My first function I completed was utilizing the information from the .genx files and putting them into pandas dataframes. I used each channel as a key in my next function, which is to load each channel individually.

The past few days I have been working on implementing the response function with these properties. So far, I'm having issues loading in the parameters to calculate an effective area. Mostly, it's been getting past multiplying floats and arrays. My first attempt as this has been to use numpy.ones to make everything the same size, but then the division throws errors. I am still working on it!

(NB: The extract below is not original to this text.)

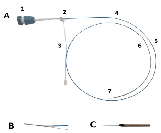 Prototype bOCT catheter. (A) Whole catheter; (1) PIU (connector), (2) side-arm luer, (3) manifold, (4) proximal shaft (braided tube), (5) distal shaft (braided tube), (6) tip, (7) guidewire port/purge exit. (B) Guidewire through the proximal exit port on the side. (C) Guidewire through the entry port at the distal end.
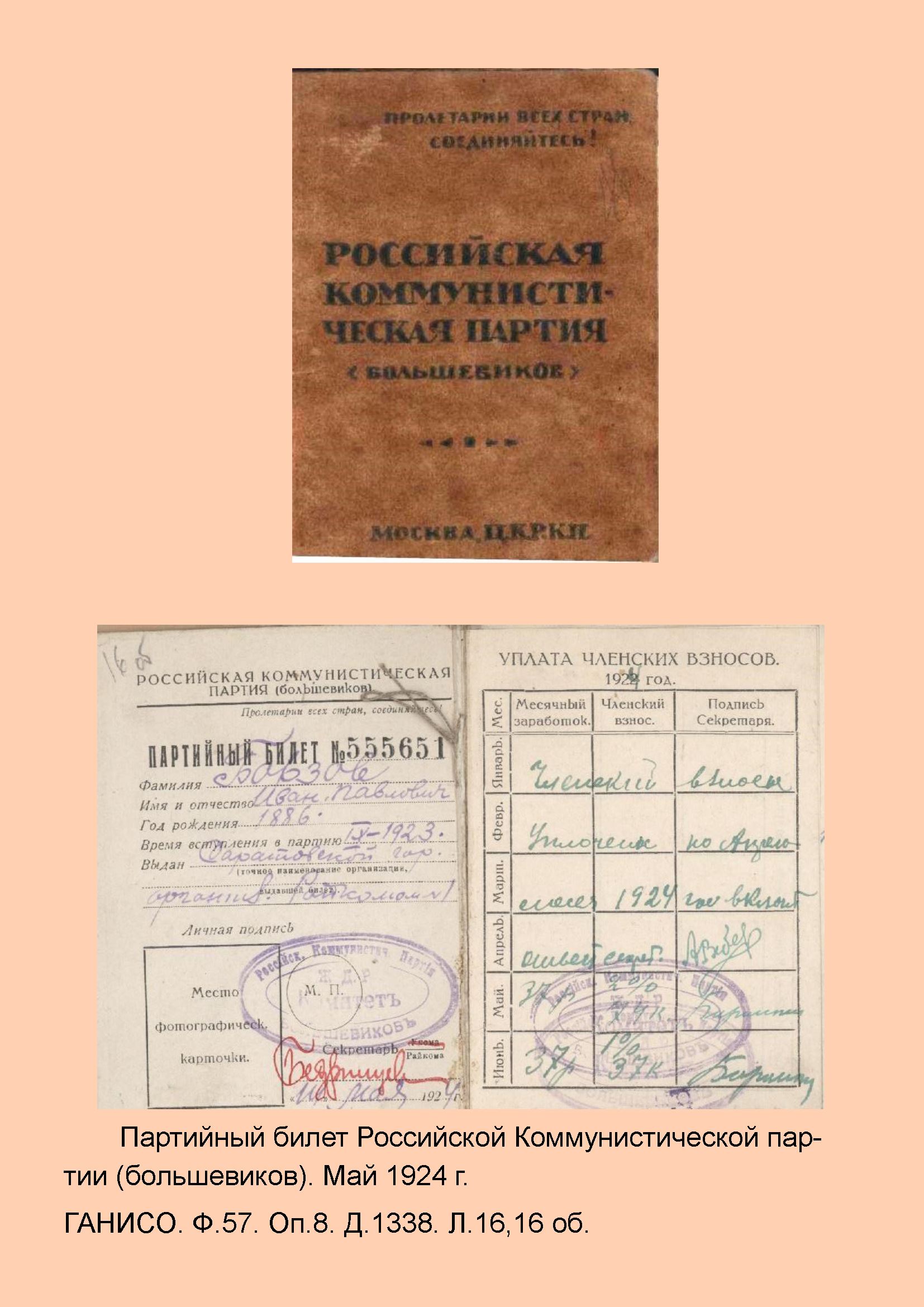 Для подготовки данной выставки были просмотрены документы архивных фондов: Хвалынский уездный комитет РКП(б), Саратовская губерния (Ф. 476); Областной комитет ВКП(б) АССР Немцев Поволжья (Ф.1); Областной комитет ВЛКСМ АССР Немцев Поволжья: (Ф.2); Нижне-Волжская краевая контрольная комиссия ВКП(б), Нижне-Волжский край (Ф.57); Саратовский областной комитет КП РСФСР (Ф. 594); Саратовская областная комиссия по собиранию и изучению материалов по истории партии большевиков – Истпарт (Ф.199); Открытое акционерное общество «Рефлектор» (Ф.514 л/с); Закрытое акционерное общество «Саратовский авиационный завод» ( Ф.6729); Библиотечный фонд (Оп.1)

  1. I made a pull request in Sunpy to make it easier for the developing team to see my work. My goal for this next week especially is to make the habit of committing code to github as I go, rather than in a big bundle like I did for this past commit. It will help to show my gradual progress, and it will help my mentors to guide the work as well.  
  2. I plan to do another post this week to make up for missing one last week. It will include the pull requests that I have been working through for the past week. 
  3.  Get some plots of the instrument response functions asap for midterm evaluation!!
  4. Be ready and on time for the developers meeting on Wednesday, 9 am my time!!!


Sunday, May 29, 2016

Guidance provided by Sunpy developers guide

  • Found while reading documentation

  • Starting to be utilized while organizing the response modules

I'm really starting to know and love the SunPy developers guide. One guideline, also recommended by Astropy:docs, is setting up a python virtual environment. This makes things easier by allowing for specific versions of packages to be used per environment.
Here's how one would start an environment using conda, which is included in the installation of Anaconda:
>>> conda create name_env python=2.7
Then, any imports for the different requirements match that python, so switching between using python 2.7 (and all of the dependencies that depend on it) to python 3.4 (with new dependencies) is as easy as pie. These commands below are how you quickly go between one environment and another.
>>> source activate name_env
>>> source deactivate
>>> source activate name2_env
Lastly, this first command makes it easy to see what's being loaded in each environment, and the second one is how to install more packages:
>>> conda list
>>> conda install name_of_package

Pretty sweet. This has already helped me in testing ChiantiPy and Sunpy, and by helping me solve a problem I ran into in the first weeks with their respective python versions. I looked into popular/new pythons and found 2.7 and 3.4 are widely used. When I researched more, I found:

- The sunpy documentation states it works best with python 2.7.
- The ChiantiPy documentation has been tested with python 3.3 specifically.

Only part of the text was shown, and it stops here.